The Quintessence of Ibsenism 1922

(on social progress, love, marriage, and children)

. . . social progress takes effect through the replacement of old institutions by new ones; and since every institution involves the recognition of the duty of conforming to it, progress must involve the repudiation of an established duty at every step. . . . If women had not repudiated the duty of absolute submission to their husbands, and defied public opinion as to the limits set by modesty to their education, they would never have gained the protection of the Married Women’s Property Act, the municipal vote, or the power to qualify themselves as medical practitioners. If Luther had not trampled on his duty to the head of his Church and on his vow of chastity, our clergy would still have to choose between celibacy and profligacy. There is nothing new, then, in the defiance of duty by the reformer: every step of progress means a duty repudiated, and a scripture torn up. And every reformer is denounced accordingly . . .
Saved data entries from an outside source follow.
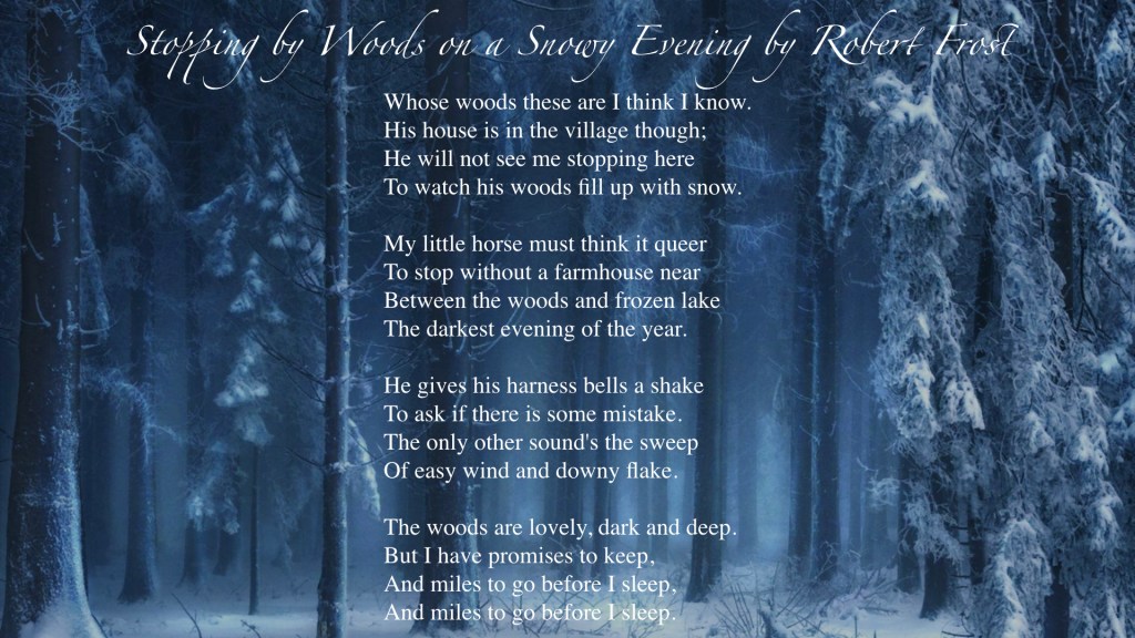 For I’ve been to the woods in the snow and the dark and I know their silent song. I’ve driven through beautiful landscapes that I have no time to pause and admire because I had promises to keep. I know how it feels to ‘have miles to go before I sleep’ and yet to go anyway.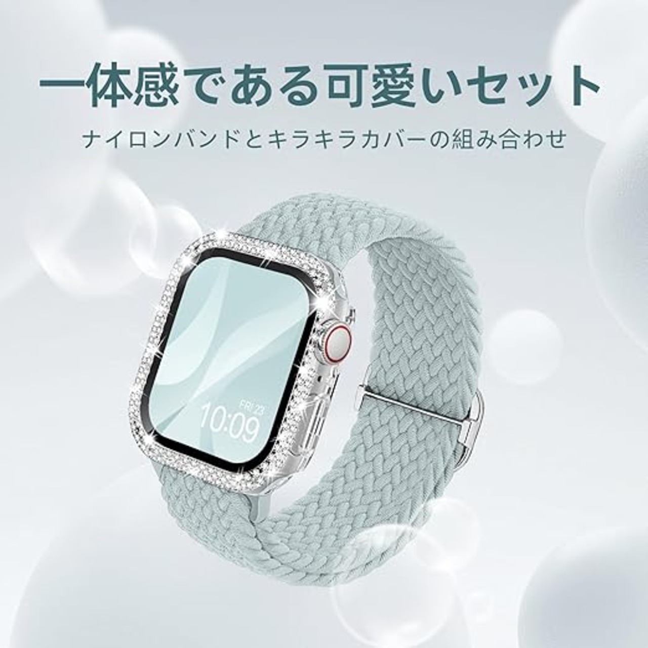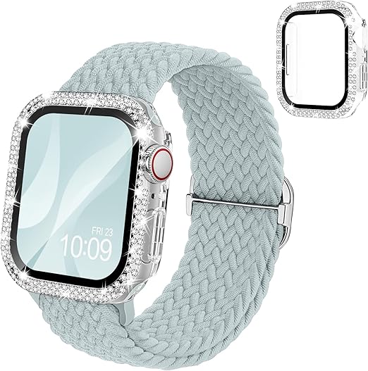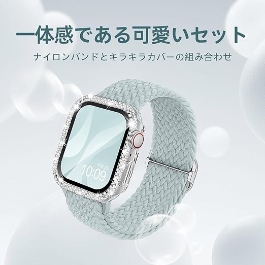 [Missair] コンパチブル Apple Watch バンド ナイロン アップルウォッチ バンド 編み込み ゴム Apple Watch キラキラ カバー付き ダイヤモンド 互換用のApple Watch バンドとケース 一体型 全面保護 オシャレ レディース (Series6/5/4/SE 40mm) a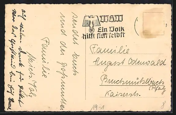 alte Ansichtskarte, gelaufen, Briefmarke entfernt, rückseitig Oberflächenschaden, guter Zustand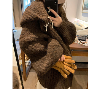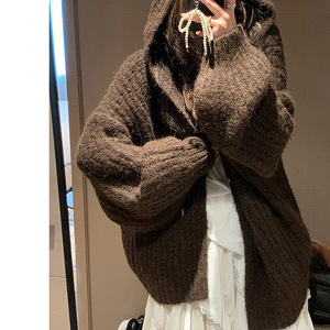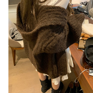 法式氛围感咖色连帽毛衣外套女秋冬季软糯奶呼呼气质高级针织开衫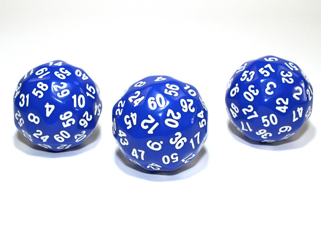 Use them to count the seconds, the minutes, or anything else that comes to mind! These bright-colored dice feature numbers from 1 to 60. Each die measures approximately 35mm across - truly a big ball of dicey goodness!
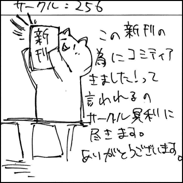 最近の傾向としてSNSでの宣伝が一般的になり、目的のサークル以外に足を運ばない方が増える傾向があります。こうしたWEBカタログにせよ、見本誌コーナーのレイアウト調整にせよ、「思いがけない出会い」を活性化しようという目論見があります。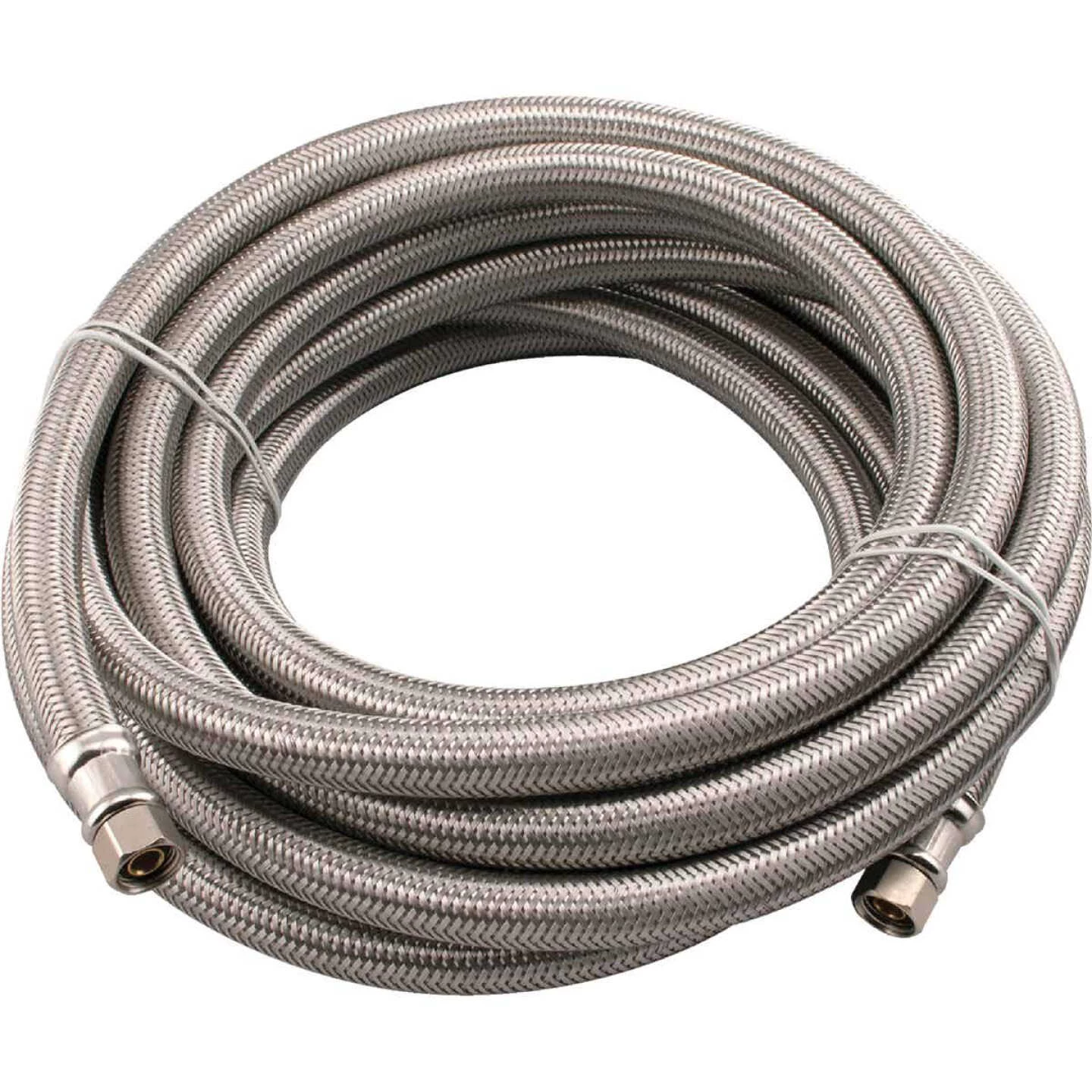 1/4″ x 1/4″ ice maker connector. Braided stainless steel wrapped around reinforced braided PVC with brass hex connector nuts. Approved for residential, commercial, and industrial applications for water supply connections to fixtures. Core is Virgin PVC with polyester yarn braiding over-braided with stainless steel 304 for strength and durability. Chrome-plated brass nuts, and washers for a dependable hand-tight seal. Max Temp 180 F (degree Fahrenheit). Max Pressure: 125 psi (pounds per square inch). IAPMO (International Association of Plumbing and Mechanical Officials) listed.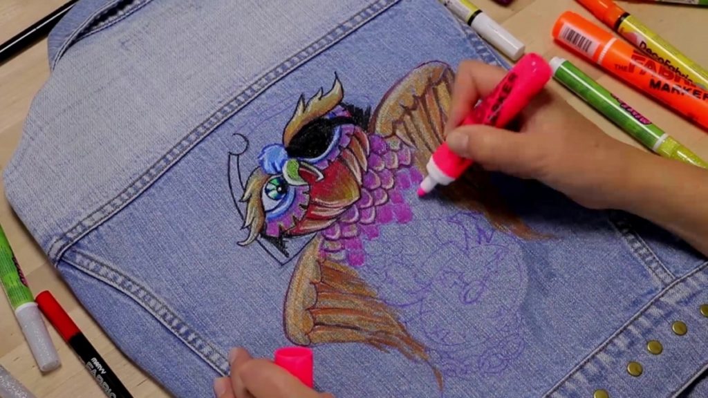 L'inchiostro per pennarelli indelebili non sempre si asciugherà abbastanza da attaccarsi al tessuto. Per ottenere il massimo effetto, il modello deve essere stirato con un ferro caldo (senza vapore) o trattato con un asciugacapelli da sarto. Se è stato commesso un errore nel lavoro, prima della fine del periodo di asciugatura, puoi lavare l'intera cosa o una sezione separata, rifare il disegno o apportare correzioni e correggere il nuovo risultato con un ferro da stiro. Gli articoli dipinti con un pennarello permanente devono essere lavati a bassa temperatura (da +40 a +50 gradi Celsius) senza l'uso di candeggina aggressiva.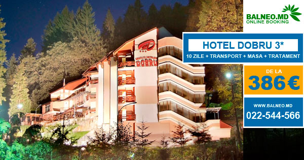 Beneficiaza de tratament la sanatoriu! Romania, Statiunea Slanic Moldova, care este renumita pentru izvoarele sale! (tel. 022 544-566; 27-27-56) Hotelul Dobru 3*, de la 386 euro/ persoana! Beneficiaza de 10 zile/ 9 nopti cazare; masa: 3 ori pe zi, tratament balnear + TRANSPORT tur-retur!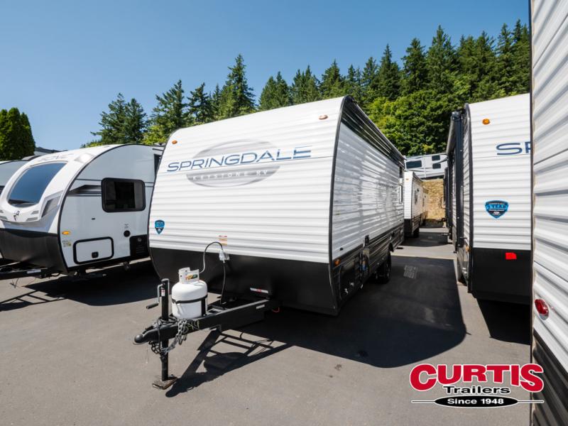 With any Springdale Classic Mini travel trailer by Keystone, you will enjoy lightweight towing thanks to their single-axle! You'll find the XL entry assist handle will make entering and exiting your unit easier than ever, and the power awning will provide protection from the sun as you relax in your camp chairs outside. Each model includes blackout night shades, solid wood cabinet doors and drawers, a shower skylight for more standing room, plus many more interior comforts. There is also a 5,000 BTU sidewall A/C and 20K BTU furnace to keep you comfortable, plus a Girard tankless water heater for endless hot showers!

Love, as a practical factor in society, is still a mere appetite. . . . An overwhelming majority of such marriages as are not purely de convenance are entered into for the gratification of that appetite either in its crudest form or veiled only by those idealistic illusions which the youthful imagination weaves so wonderfully under the stimulus of desire, and which older people indulgently laugh at.

This being so, it is not surprising that our society, being directly dominated by men, comes to regard Woman, not as an end in herself like Man, but solely as a means of ministering to his appetite. The ideal wife is one who does everything that the ideal husband likes, and nothing else. Now to treat a person as a means instead of an end is to deny that person’s right to live. And to be treated as a means to such an end as sexual intercourse with those who deny one’s right to live is insufferable to any human being. Woman, if she dares face the fact that she is being so treated, must either loathe herself or else rebel.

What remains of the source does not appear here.